Feb 17, 2004 20:08
Okay, I have held off telling my story for too long. Time for true confessions.
I have recently been reading a lot of gay erotic/romantic stories on the internet. Who says that stories and films don't impact our minds?!? I've been reading and reading and getting all sorts of images and ideas about sexual escapades that I finally went and experimented. On Valentines Day, I was feeling a little bit isolated and down. I called Dave to see if he could go to lunch with me but he was busy (Also, he doesn't like to celebrate the holidays. I called my friends Robert and Alex, neither of which I heard back from. V was busy with her show, and my land lord was coming into town for the night. So, not only did I have to be out of my home, I had no one to hang with. So I decided to get nasty.
I went to the local adult video story that has booths with glory holes and decided to be a total slut.
I dropped several dollars into the machine and got busy. The first guy had a big fat cock that I enjoyed sucking for a while. He didn't cum but seemed to enjoy his time, none the less. The next guy had a small cock, but I figured, "what the hell, being a slut means not being too picky." So, I sucked him off. Next guy wanted to suck me, so we traded turns sucking each other. I got a good look at this guy and he was cute. He looked young and had a decent body. After a while of sucking each other, he turned around and had me fuck him. Stupid of me, yes, but he had a beautiful ass. I know, I know, still stupid of me. Anyway, he ran out of money and had to leave his booth. Then The next guy came in and shoved his cock thru the hole. He had a really nice one, kinda veiny, but big; I really enjoyed sucking him off. To fill out the whole slut image, I heard someone ask him about getting his dick sucked: "How is it? Is it good? You enjoying it?" "Fuck yeah, he's a good cock sucker!" For some reason, I got turned on hearing him talk about me sucking his cock. I really enjoyed being a slut. He shot a big load down my throat! Another guy came to the other side of my both and stuck his cock thru that hole. He was large and ready for action. I'm pretty sure it was the guy who had asked about my sucking abilities. Anyway, I sucked on him for a while, he got off on letting me suck him to the brink then pulling off. Finally, he shot a huge load down my throat. Next came some one who insisted on suck me, so I let him suck me off. well, it was more like I fucked his mouth til I came. It was kind interesting, when I was getting past the point of no return, he started using his teeth on my cock, which kinda hurt, yet didn't stop me. *shrug* don't know what that was about, but, I got off, so....

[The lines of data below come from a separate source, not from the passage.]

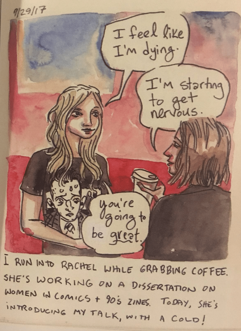 Rachel is currently at work on her first scholarly book about the convergence of mass media and feminist discourse in grassroots texts during the 1990s. The Girls’ Room: Bedroom Culture, Girl Collectors, and the Ephemeral Archive combines meticulous archival research of 1990s-era grassroots media made by girls, such as zines, comics, and VHS chain-letters, with readings of the era’s bestselling memoirs, literary novels, blockbuster films, and self-help books about girlhood. Her scholarship related to this project has been solicited for inclusion in collections like The Oxford Handbook of Comic Book Studies (forthcoming, Oxford UP), The Routledge Companion to Gender and Sexuality in Comics Studies (forthcoming, Routledge) The Other 1980s: Reframing Comics’ Crucial Decade (forthcoming, LSU Press), and Comics Memory: Archives and Styles (Palgrave). You can read more about her scholarship by clicking here and here.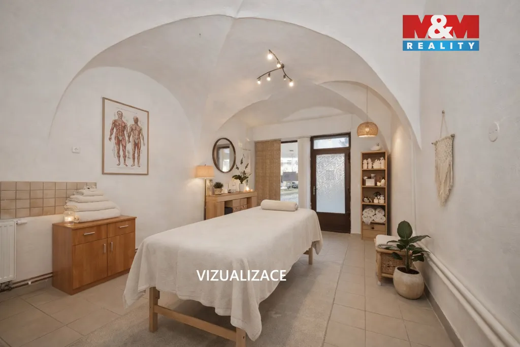 K dispozici je jedna prostorná místnost s klenutým stropem, sociální zařízení, skládek a úklidová komora. V sousední místnosti již působí zavedená kosmetička, což vytváří příjemné prostředí pro služby z oblasti péče o tělo a krásu.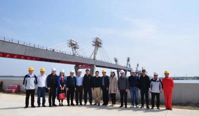 圖四 國(guó)內(nèi)橋梁鋼專(zhuān)家在黑河大橋旁留影。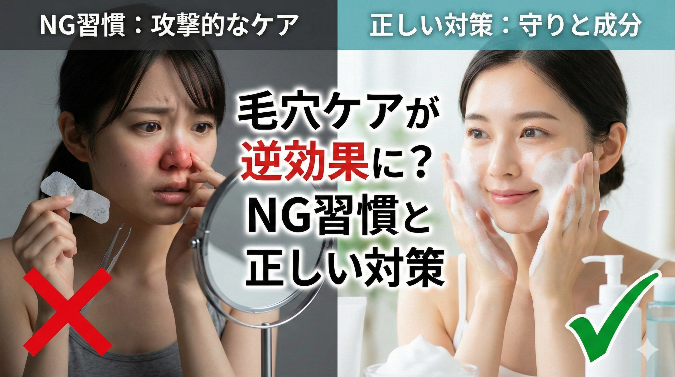 特に注意が必要なのが、「メラニン毛穴」を「角栓」だと思い込んでゴシゴシ擦ってしまうケースです。これはシミをヤスリで削っているようなもので、黒ずみを悪化させる「完全な逆効果」となります。触ってザラザラしていなければ、それは汚れではありません。美白ケアに切り替えましょう。
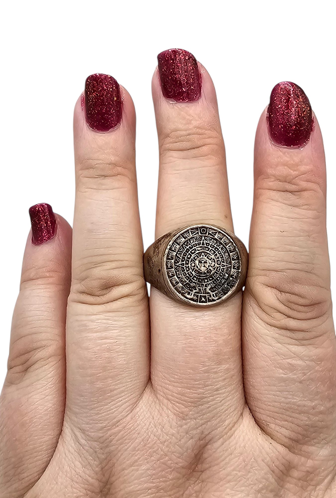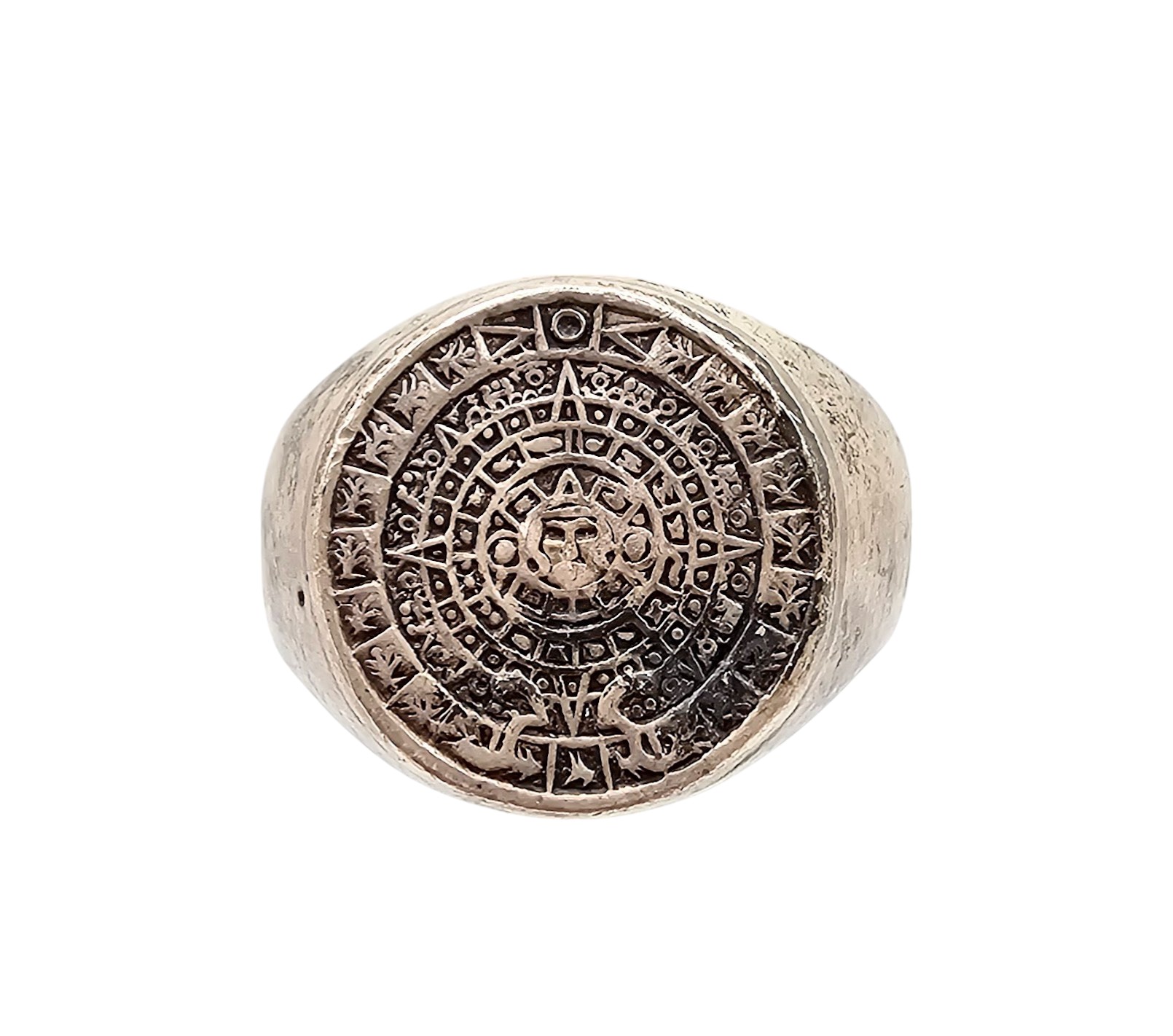 Mexico Sterling Silver Aztec/Mayan Style Ring Size 12.25 14.6 G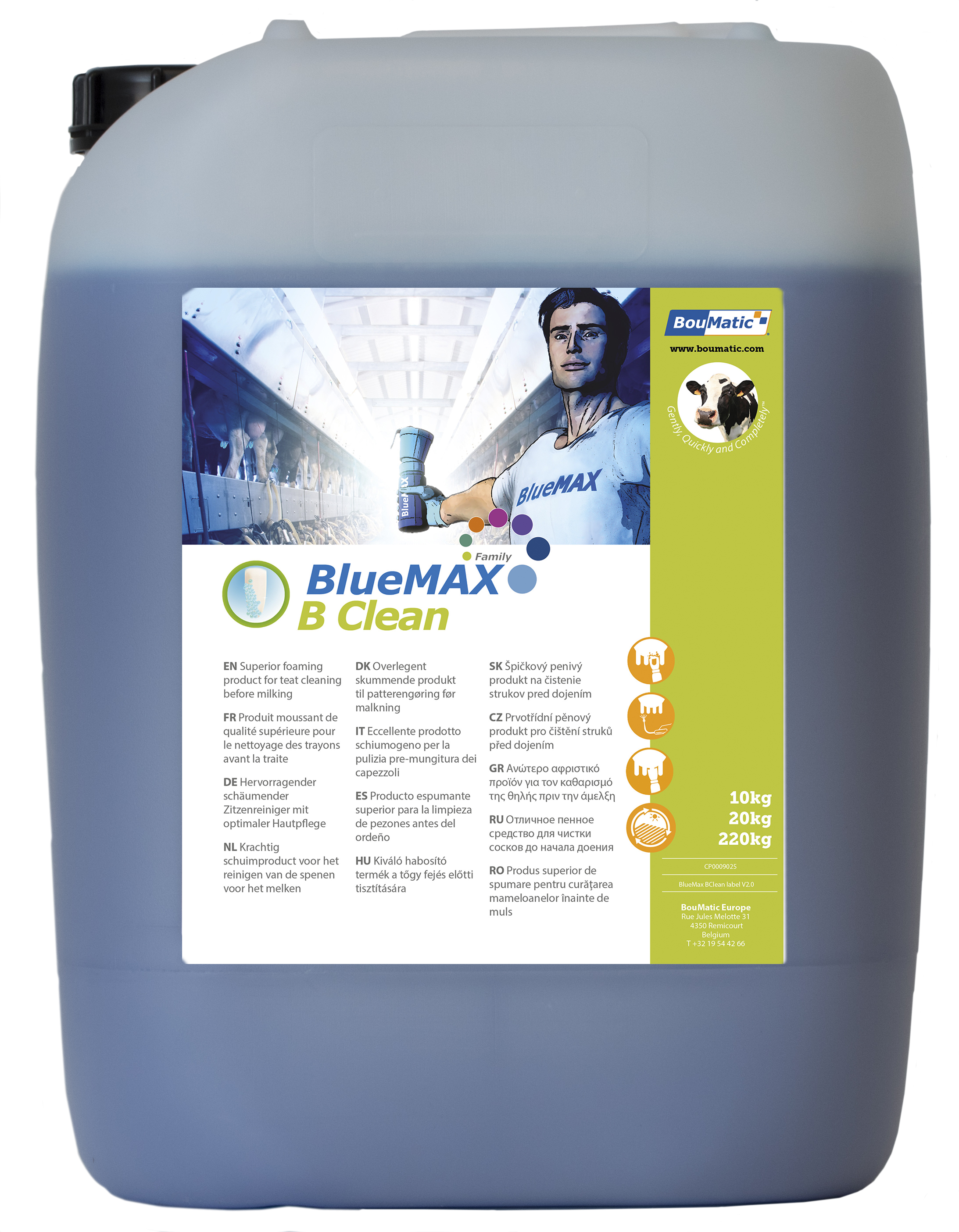 Το BlueMAX B Clean είναι το καλύτερο διάλυμα με αφρό, για εμβύθιση των θηλών πριν το άμρεγμα, που διατίθεται στους κτηνοτρόφους. Επιταχύνει τη διαδικασία προετοιμασίας της θηλής και αφαιρεί το χώμα και τις βρωμιές γρήγορα και αποτελεσματικά.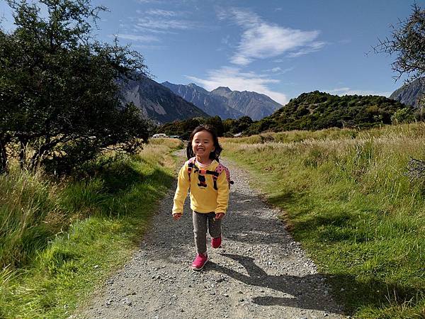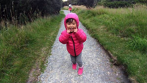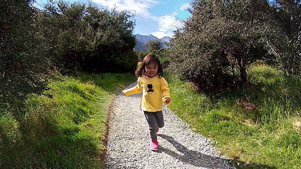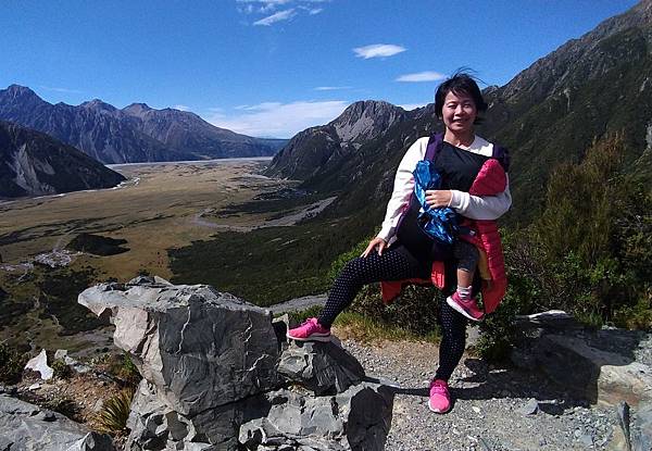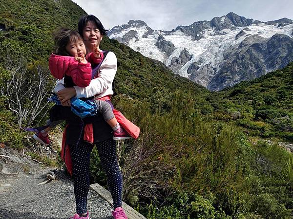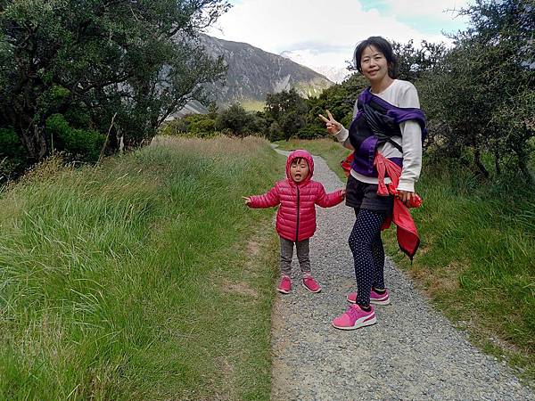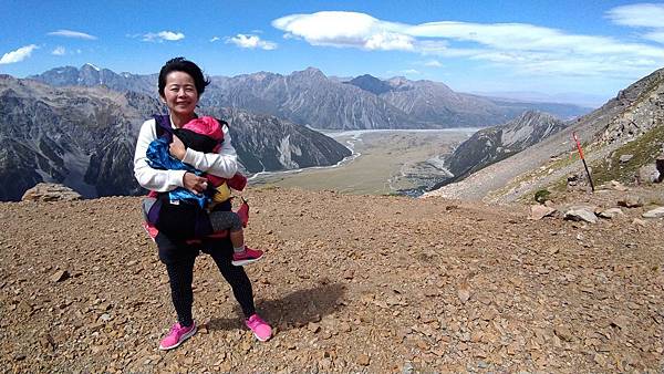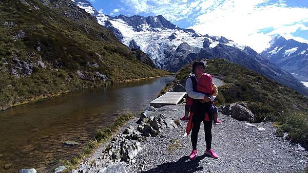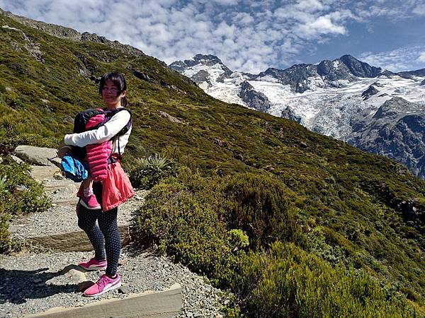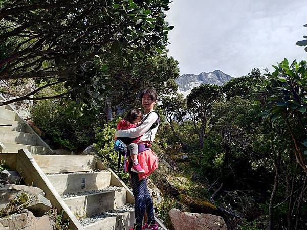 過了叉路口,來到 Sealy Tarns Track,我們沒有走過的路線,而且要開始爬陡坡了,為了爭取時間,要讓芮上背帶,芮還想繼續自己走耶

Anyway, I was a total slut/whore/cumpig. I have never done anything like that before. In fact, I can count on one hand the number of guys who have cum in my mouth, and none of them were by my choice. I have always been nauseated by the taste of cum. Then a few weeks ago, I let one guy do it and it really turned me on. I mean, he had a big dick and it was great sucking on it; but when he got close to cumming, his dick swelled even bigger and then shot a load. It was really hot. Now I have done this whole glory hole slut thing. It was really hot and I think about doing it again; but keep telling myself it was not a smart choice! I mean, some Docs say oral is unsafe, other Docs say it is safe. This past saturday, I was going with the Docs that said it was safe.
Of course, on Monday(president's day), I woke up sick as a dog--vomiting from both ends and tired. I slept all day and all night, woke up today feeling fine.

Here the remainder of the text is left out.